Avoid involving current students or subordinate staff in OPA. Including students and MIT personnel in OPA could create a conflict of interest, especially if you are advising a student’s thesis without a co-advisor or thesis committee.

However, if being involved with a faculty member’s OPA would benefit a student’s educational experience, discuss the possibility with your department head and the COI officer. They may be able to develop a plan to mitigate the risk of a conflict of interest before you engage with the student.

Using MIT labs or specialized facilities to support OPA is prohibited. Using core facilities in OPA is allowable, as long you comply with the facility’s terms and conditions. 

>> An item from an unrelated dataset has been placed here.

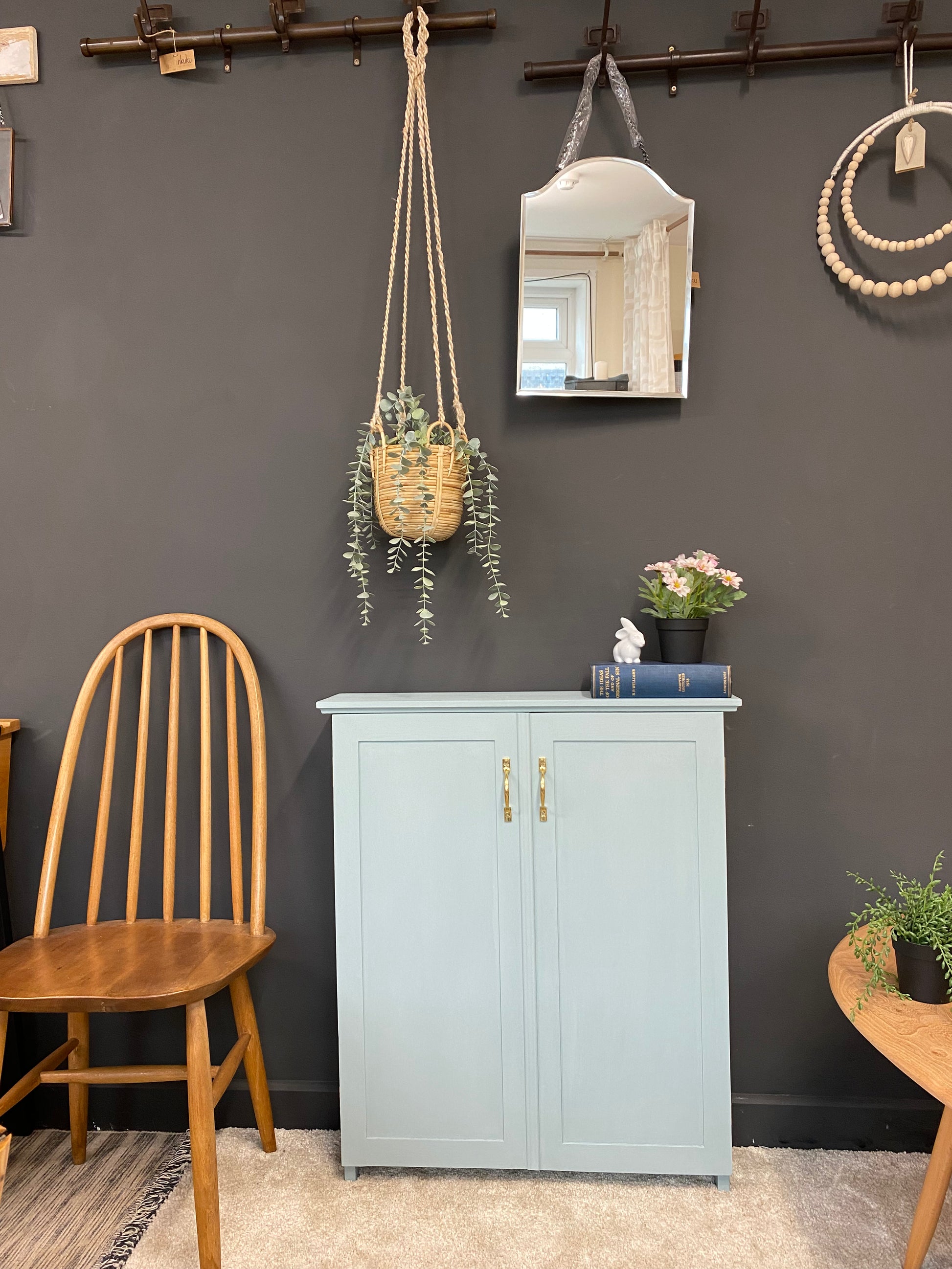 Painted in a pale duck egg blue, the addition of traditional brass handles finish the piece.

Incidental use of your MIT-issued laptop to support OPA is acceptable. However, any company information stored on your laptop or backed up on MIT servers belongs to MIT.


During sabbatical or other leave, faculty may accept temporary or visiting appointments for that period at other institutions. Very rarely, faculty may be allowed to accept an ongoing professorship (e.g., adjunct). Appointments like this must receive dean and provost approval before acceptance.

Before accepting any external appointment, faculty should:

  • Discuss the possibility with their department head and dean.
  • Understand the external institution’s policies and any local rules governing academic activities, intellectual property and employment. Seek legal representation or a translator, if necessary.
  • Discuss the terms and duration of the engagement with the external institution, especially if outside the U.S.
  • Discuss export control risks with MIT Export Control, if the appointment is outside the U.S.
  • Review COI guidance on adjunct professorships
  • Assess and mitigate risks

Review COI guidance on starting a company to understand the potential for conflicts of interest or commitment.

Avoid international OPA with the following entities:

  • Those principally involved with defense research or production.
  • Those involved with government intelligence or military operations.
  • Those whose activities and/or products and services have been credibly viewed as contributing to the suppression of human rights.
  • “Talent recruitment” programs designed primarily to transfer technology or knowledge to a foreign entity
  • Those in countries of concern

In addition, OPA that extend, complement or duplicate MIT-administered research sponsored by U.S. government agencies raise concerns for the Institute and our research partners. Before pursuing international activities, assess risks and consult Global Support Resources.